Roles were multiplying faster than anyone could track. What started as a clean access model had turned into a storm of uncontrolled permissions across multiple clouds, hundreds of accounts, and thousands of users. The term for it is Role Explosion — and in large-scale multi-cloud environments, it can quietly sink your ability to manage security, compliance, and cost.
Multi-cloud access management is supposed to give freedom. It promises agility, resilience, and vendor-neutral architecture. But when every cloud provider comes with its own identity system, policy syntax, and permission scope, the challenge is no longer getting access — it’s controlling it without drowning in complexity. Role Explosion happens when a simple role-per-function model mutates into sprawling, overlapping sets of privileges that no one fully understands.

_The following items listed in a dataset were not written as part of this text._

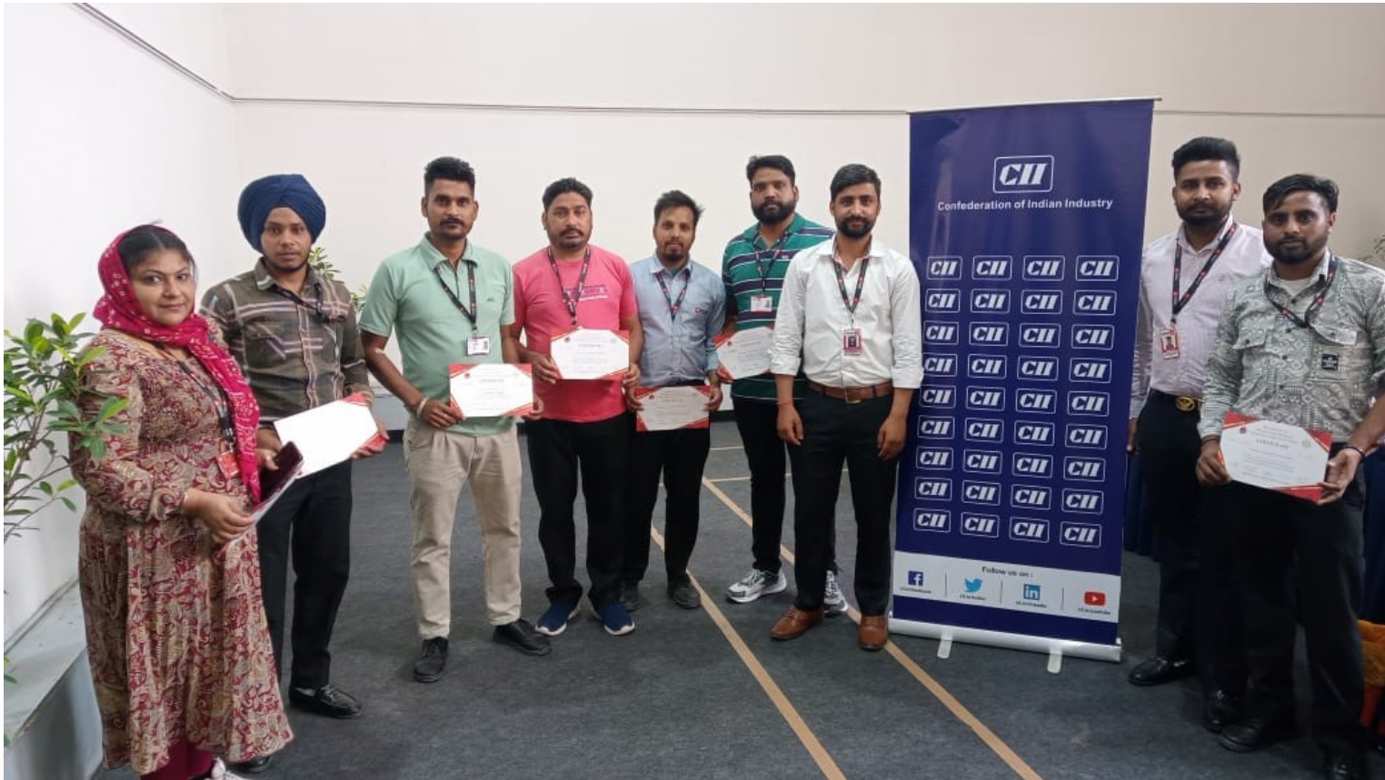
The proud blood donors with their Certificates.
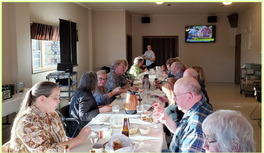
Ready for dinner!
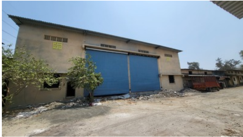
Front View From Corner
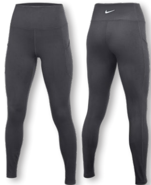
NIKE TEAM ONE DF POCKET TIGHT HF6892 Page 37
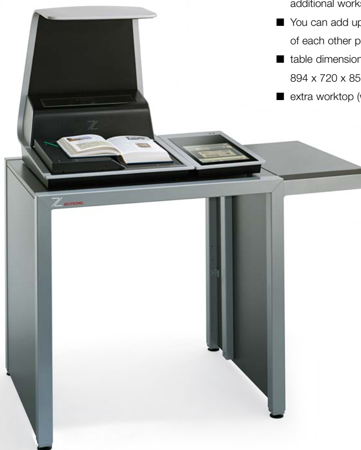
Table zeta (with worktop extension)

Zeutschel scanners and microfilm cameras are high-tech equipment for perfect digitization of bound and large-format originals. We recommend the use of original Zeutschel tables to ensure a more ergonomic and safer working environment for our scanners. These tables are easy to assemble, provide sufficient workspace and the height can be adjusted to suit individual requirements, in some instances, electrically.
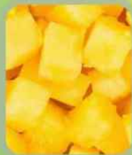
IQF PINEAPPLE DICE
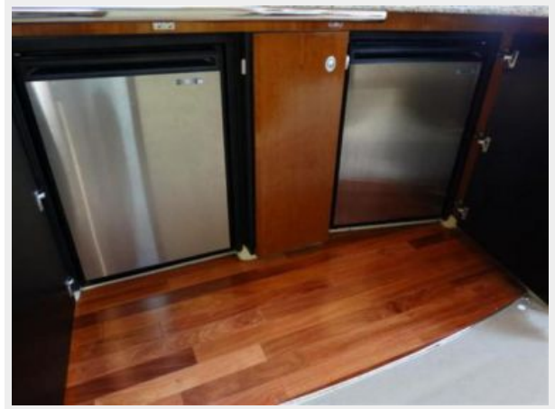
Stainless steel refrigerator and freezer
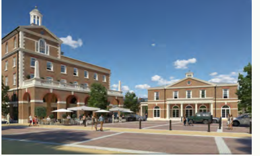
PROPOSED CROWN AND MARKET SQUARE
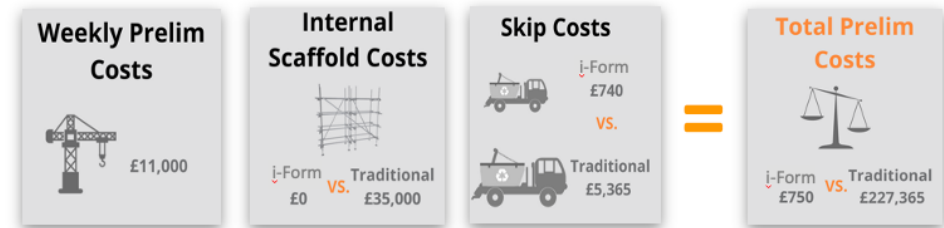
Site Prelim Costs – MFS i-Form Solution vs Traditional

The signs show early if you know where to look. Audit logs that take hours to trace. Employees with roles no one remembers assigning. Engineer onboarding that requires dozens of discrete permissions across AWS, Azure, GCP, and more. You can’t scale governance when each new application, microservice, or compliance requirement triggers the creation of yet another role, another policy, another binding. Multiply that by the number of environments, and you get exponential growth in objects you need to track and secure.
The risks grow alongside the bulk. Over-provisioned roles create attack surfaces that attackers love. Under-provisioned roles slow down teams, pushing them towards risky workarounds. The operational overhead of role maintenance often means stale accounts remain, permissions are never revoked, and “temporary” access becomes permanent. This is how small cracks break large systems.